━━ INFORMATION PROVIDED ━━

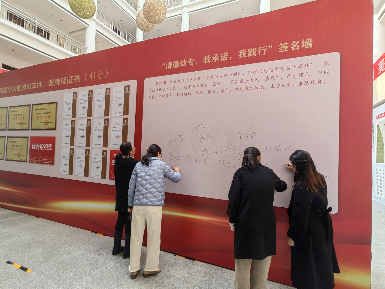 参观结束后,党员们纷纷在签名墙上签名,郑重承诺要进一步坚定理想信念,不忘初心、牢记使命,筑牢思想防线;不断加强学习,提高党性修养,从小事做起,时刻自重自省、慎独慎微,以更加昂扬的姿态全力推进学院各项工作高质量发展。
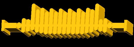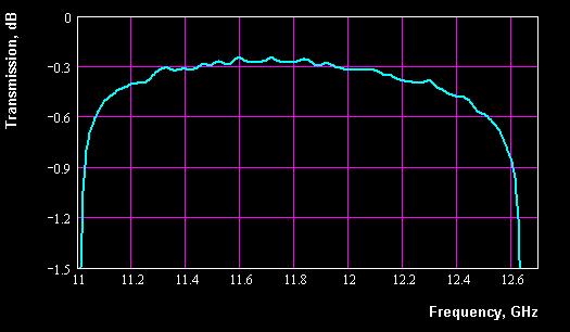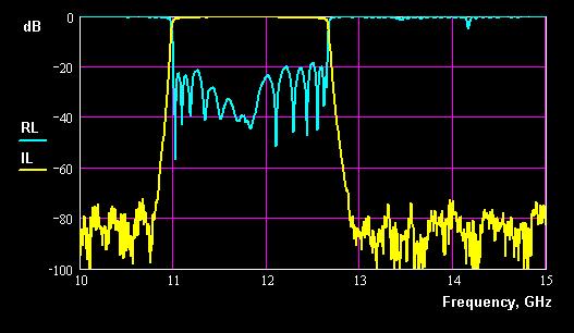 | Ku-band composite asymmetric E-plane corrugated band-pass filter. Similar filter was proposed for SkyBridge space program. In spite of small dimensions (4.18''x1.82''x1.19'') the filter provides relatively high multipaction breakdown 3000W (0.080'' min voltage gap) and more rejection of spurious spectrum than 15'' long conventional cascade of iris filter of at least 15 poles and corrugated filter of at least 15 corrugations. |
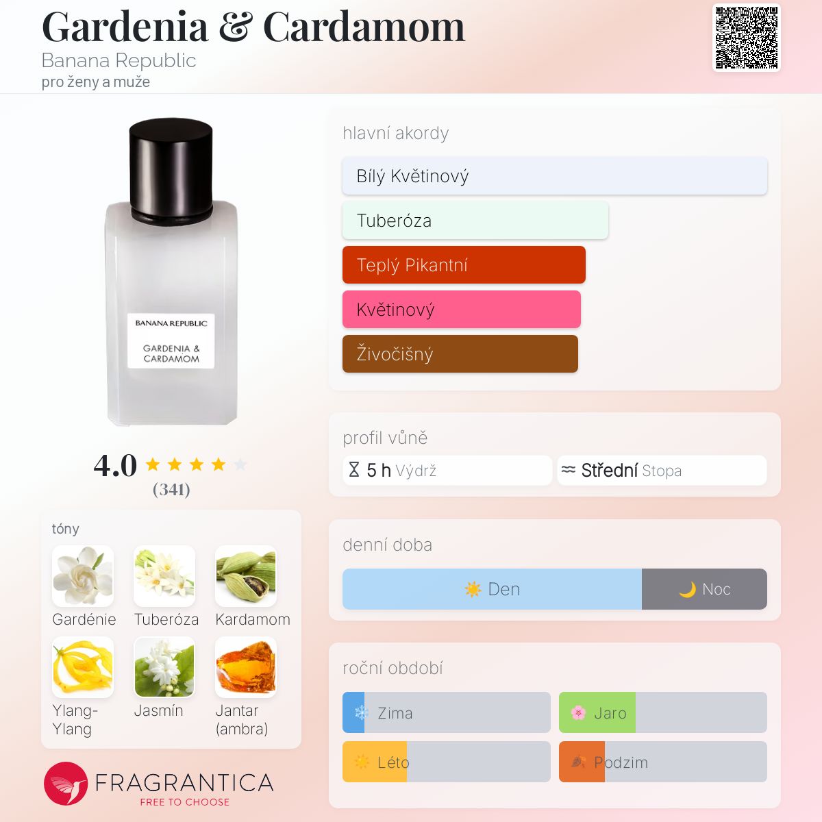 Gardenia & Cardamom podle Banana Republic je Floral vůně pro ženy a muže. Gardenia & Cardamom byl/a uveden/a v roce 2019. Gardenia & Cardamom byl/a vytvořen/a Mane a Vincent Kuczinski. Vrchní tóny jsou Gardénie a Mandarinka; střední tóny jsouTuberóza, Kardamom, Ylang-Ylang, Jasmín, Magnólie, Karafiát a Růže ; základní tóny jsou Jantar (ambra) a Naplavené dříví.
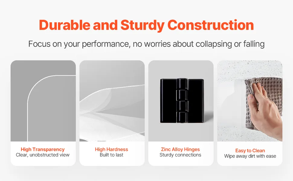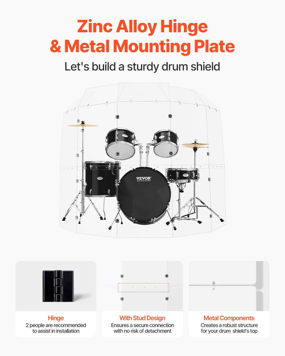 Conception de charnière robuste : La cage de batterie en acrylique est dotée de charnières en alliage de zinc durables qui relient solidement les panneaux, offrant une configuration stable. Panneaux en acrylique de haute qualité : Les panneaux de protection de batterie en acrylique durables offrent une excellente isolation sonore, sont résistants aux rayures et faciles à nettoyer. Pour les batteurs pros ou amateurs ! Ce bouclier de batterie VEVOR améliore le son sur scène et réduit les interférences. 5 déflecteurs et panneaux en acrylique de 152,4cm de haut pour une couverture complète Ashata mini piano à pouce Thumb Piano 8 touches Mini Portable Acrylique Matériel Décoration... Les charnières permettent également des angles réglables, vous permettant de personnaliser la couverture du bouclier en fonction de la configuration de la scène, garantissant des performances sonores fiables et la sécurité de la scène YIDELAI Charnières invisibles (1 paire) Charnières invisibles en alliage de zinc Angle d Installation rapide et transport facile : Notre kit de protection pour batterie comprend 10 panneaux, 16 charnières et tous les outils nécessaires, avec des instructions claires pour un montage et un démontage faciles. Il est compatible avec les grosses caisses, les caisses claires, les mixeurs, les enceintes DJ et bien plus encore, contribuant ainsi à rehausser le professionnalisme de votre configuration scénique Bouclier De Batterie Acrylique VEVOR Bouclier De Batterie, 61x152,4 Cm, Barrière Sonore De Tambour Portable En Acrylique, Avec Charnières En Alliage De Zinc Et Déflecteurs, Pour Salles De Concert, Festivals De Musique, Entraînement Protection Scène Batteur Avec une grande transparence, ils offrent une vue claire à 360 degrés, permettant aux batteurs d'interagir avec les membres du groupe et le public, améliorant ainsi la présence sur scène Que vous soyez un batteur professionnel ou un passionné, ce bouclier de batterie améliore la qualité du son et la présence sur scène. Excellent contrôle du volume : Chaque bouclier de batterie est composé de deux panneaux de 152,4 cm de haut, 61 cm de large et 3 mm d'épaisseur.

━━━

TASK =
Since the pictures are not wanted, transcribe the rest of the listing above exactly.

SOLUTION TO THIS TASK =
 参观结束后,党员们纷纷在签名墙上签名,郑重承诺要进一步坚定理想信念,不忘初心、牢记使命,筑牢思想防线;不断加强学习,提高党性修养,从小事做起,时刻自重自省、慎独慎微,以更加昂扬的姿态全力推进学院各项工作高质量发展。
 | Ku-band composite asymmetric E-plane corrugated band-pass filter. Similar filter was proposed for SkyBridge space program. In spite of small dimensions (4.18''x1.82''x1.19'') the filter provides relatively high multipaction breakdown 3000W (0.080'' min voltage gap) and more rejection of spurious spectrum than 15'' long conventional cascade of iris filter of at least 15 poles and corrugated filter of at least 15 corrugations. |
 Gardenia & Cardamom podle Banana Republic je Floral vůně pro ženy a muže. Gardenia & Cardamom byl/a uveden/a v roce 2019. Gardenia & Cardamom byl/a vytvořen/a Mane a Vincent Kuczinski. Vrchní tóny jsou Gardénie a Mandarinka; střední tóny jsouTuberóza, Kardamom, Ylang-Ylang, Jasmín, Magnólie, Karafiát a Růže ; základní tóny jsou Jantar (ambra) a Naplavené dříví.
 Conception de charnière robuste : La cage de batterie en acrylique est dotée de charnières en alliage de zinc durables qui relient solidement les panneaux, offrant une configuration stable. Panneaux en acrylique de haute qualité : Les panneaux de protection de batterie en acrylique durables offrent une excellente isolation sonore, sont résistants aux rayures et faciles à nettoyer. Pour les batteurs pros ou amateurs ! Ce bouclier de batterie VEVOR améliore le son sur scène et réduit les interférences. 5 déflecteurs et panneaux en acrylique de 152,4cm de haut pour une couverture complète Ashata mini piano à pouce Thumb Piano 8 touches Mini Portable Acrylique Matériel Décoration... Les charnières permettent également des angles réglables, vous permettant de personnaliser la couverture du bouclier en fonction de la configuration de la scène, garantissant des performances sonores fiables et la sécurité de la scène YIDELAI Charnières invisibles (1 paire) Charnières invisibles en alliage de zinc Angle d Installation rapide et transport facile : Notre kit de protection pour batterie comprend 10 panneaux, 16 charnières et tous les outils nécessaires, avec des instructions claires pour un montage et un démontage faciles. Il est compatible avec les grosses caisses, les caisses claires, les mixeurs, les enceintes DJ et bien plus encore, contribuant ainsi à rehausser le professionnalisme de votre configuration scénique Bouclier De Batterie Acrylique VEVOR Bouclier De Batterie, 61x152,4 Cm, Barrière Sonore De Tambour Portable En Acrylique, Avec Charnières En Alliage De Zinc Et Déflecteurs, Pour Salles De Concert, Festivals De Musique, Entraînement Protection Scène Batteur Avec une grande transparence, ils offrent une vue claire à 360 degrés, permettant aux batteurs d'interagir avec les membres du groupe et le public, améliorant ainsi la présence sur scène Que vous soyez un batteur professionnel ou un passionné, ce bouclier de batterie améliore la qualité du son et la présence sur scène. Excellent contrôle du volume : Chaque bouclier de batterie est composé de deux panneaux de 152,4 cm de haut, 61 cm de large et 3 mm d'épaisseur.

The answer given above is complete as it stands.